During the first gulf war desert storm, we/I worked 12 hr shifts 9 months with out a day off, and on the end of the 9 months was x-mas day where I only had to work 8 hrs, went back on 12s for 3 more months. (I was married 2 weeks b4 the 12's started and by time the 12s ended my marriage was almost done, it made it a few months longer. ( next day off was 4th of july) I suppose working in military don't count as you are really on 24/7 365 :( not a lot of people understand it my ex-wife was one of them :( ::)
markM
Thank you for your sacrifice for your country Spiker. Sorry it had to be so huge.
Logging camp life has the same effect on families also. Only no where near as bad as being on the front lines. When your in a remote area there are a lot less temptations then back home in civilization. You can soon find out if your beloved back home really loves ya or not. ;)
Well I seen my first whistle pig of the year this afternoon.
I have a feral cat with two offspring living in my shop. She's mean as heck and hisses, bares her teeth, and hisses at me again every time I walk past wherever she has moved her pups the latest time. It's her shop now she just puts up with me long enough to set her food in front of wherever she has relocated for the day. She don't like me knowing where they are.

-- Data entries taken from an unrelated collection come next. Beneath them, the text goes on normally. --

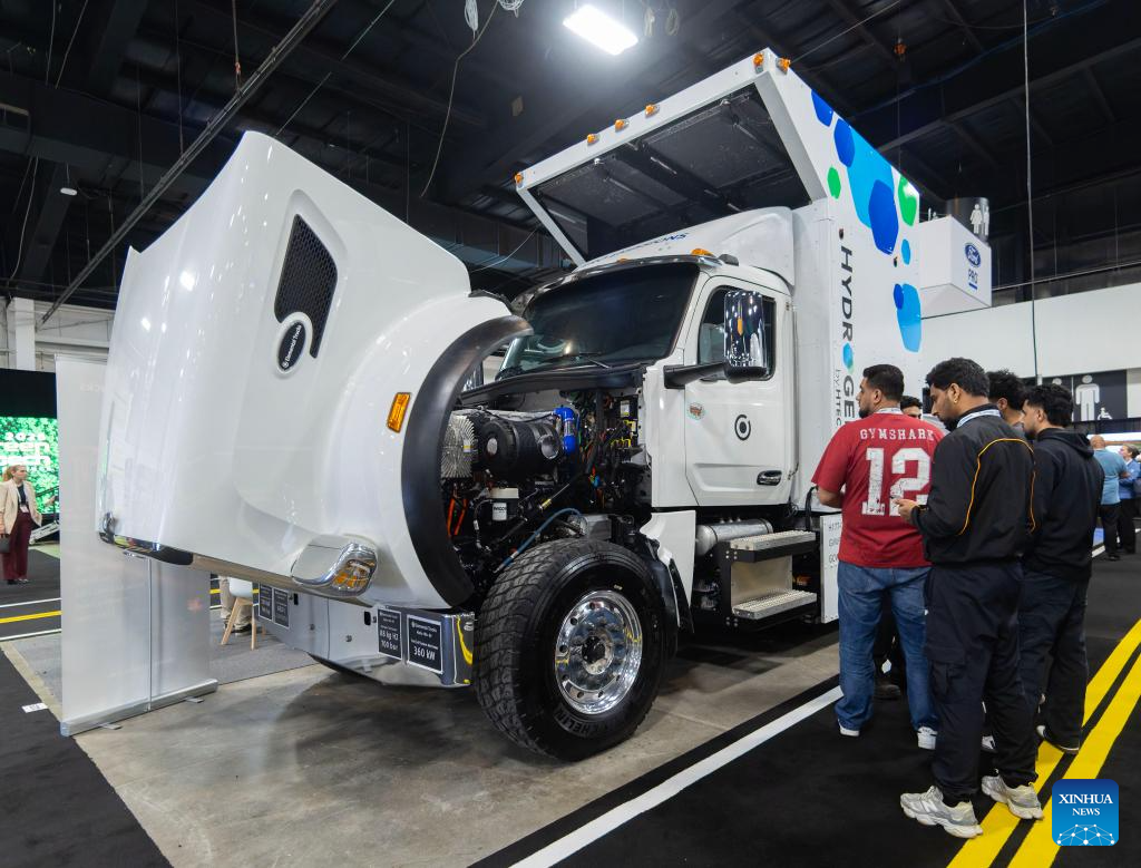 Participants view a hydrogen fuel cell electric truck during the Truck World 2026 in Mississauga, Ontario, Canada, on April 16, 2026.
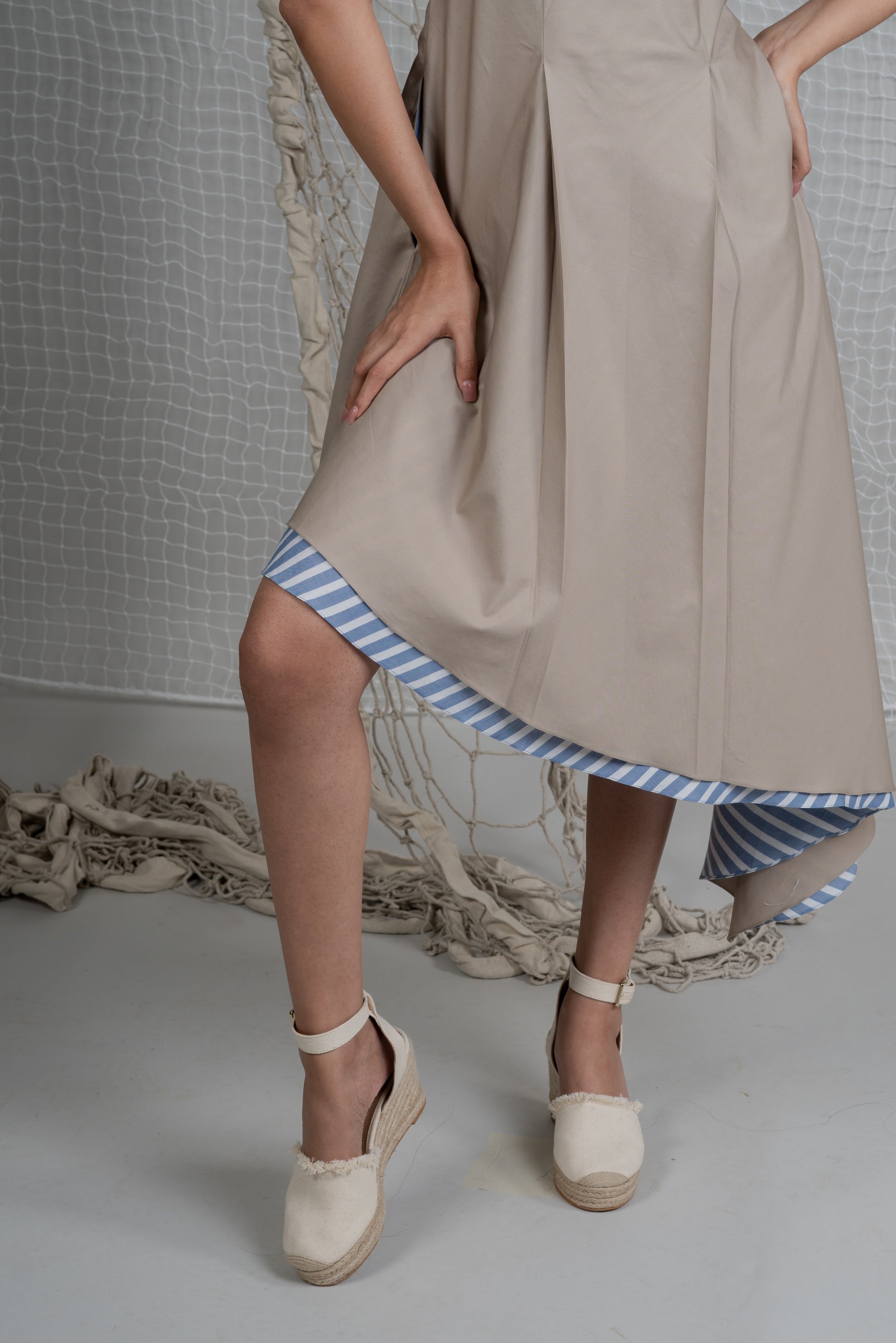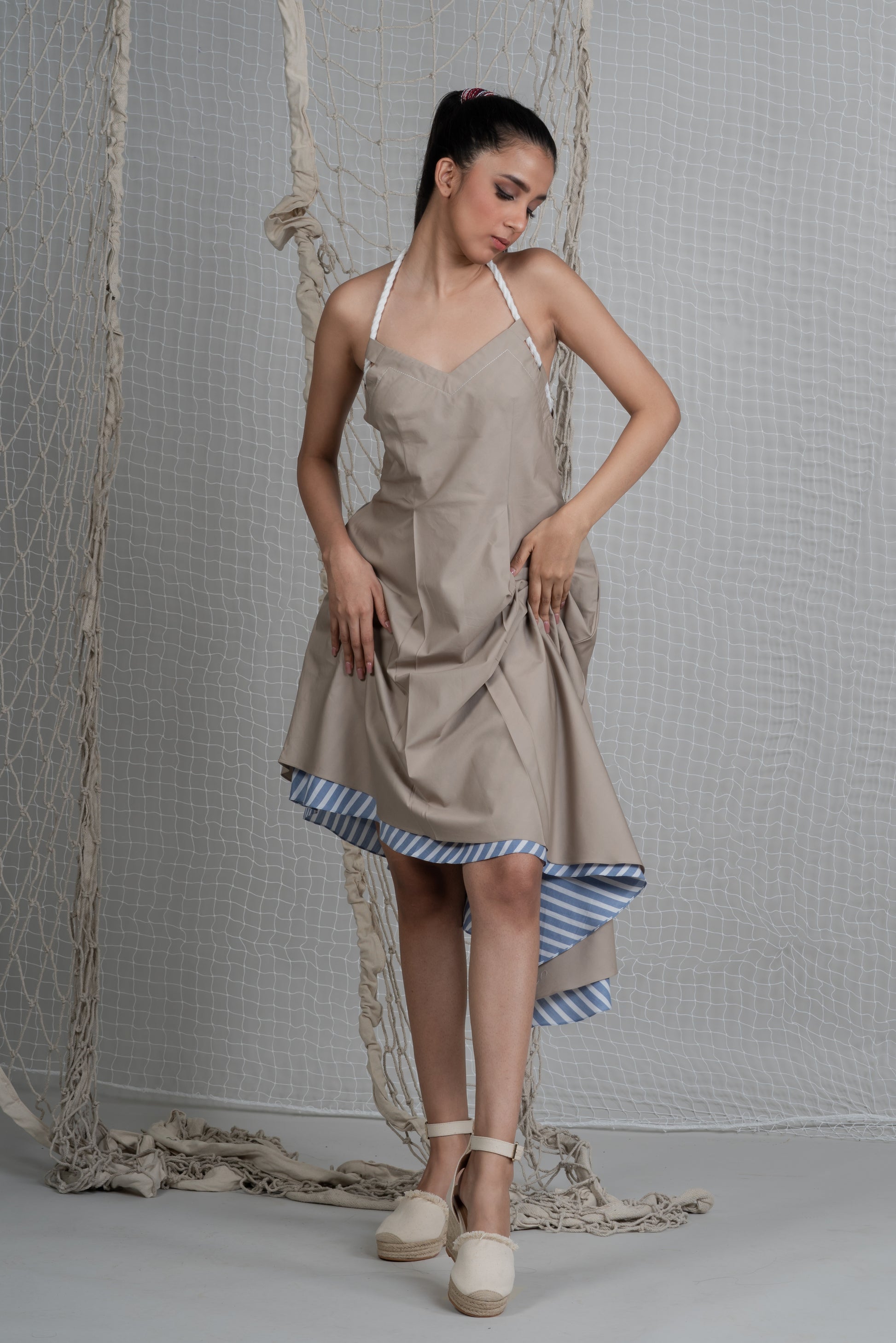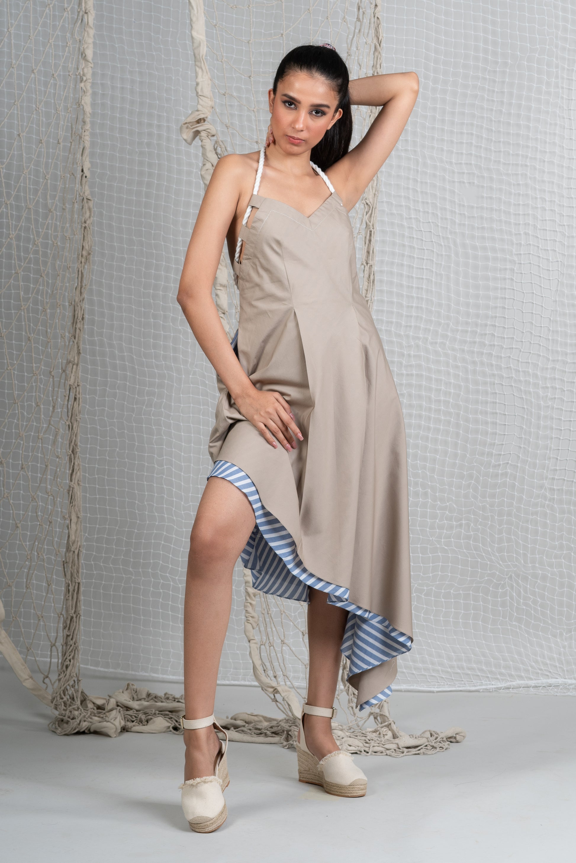 Halterneck bare back dress in Sand Beige Poplin Cotton with adjustable rope tie holding the silhouette for perfect fit, pockets in light blue stripes lining with soft flowy, asymmetrical hem.
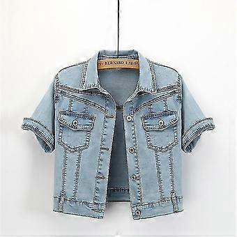 קיץ ג'ינס ז'קט נשים קצר ג'ין ז'קט ג'ינס קוריאני אופנה שרוולים קצרים מעיל נקבה בגדים חדשים וסט ג'ינס Femme Xl
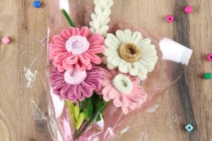 フラワーミッフィーオリジナルブーケペーパーでラッピングします。
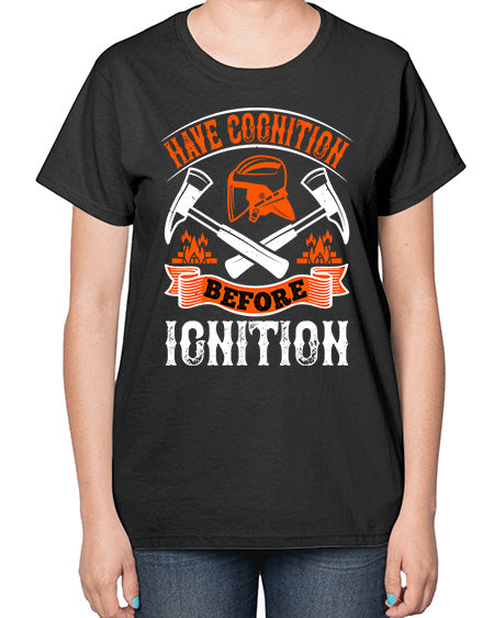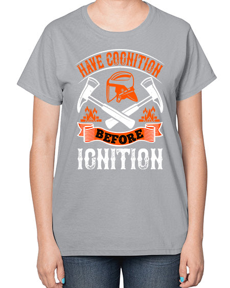 Have cognition before ignition Style 829# - fire fighter- Ladies T-Shirt

That's the closest thing to a whistle pig I have seen this year.
I gotta go on a diet! I saw the title and thought "What a strange way to talk about sausage" :D :D :D :D :D :D :D :D :D :D :D :D :D :D :D :D :D :D :D :D :D :D :D :D
Good point! That's all sausage is though. I bet it would not sell very well though if it was labeled that. Grits might not be as appealing either if they were labeled "ground hominy". Or steaks as "slabbed bovine". Eggs as "undeveloped poultry fetuses". Okay that's enough of that.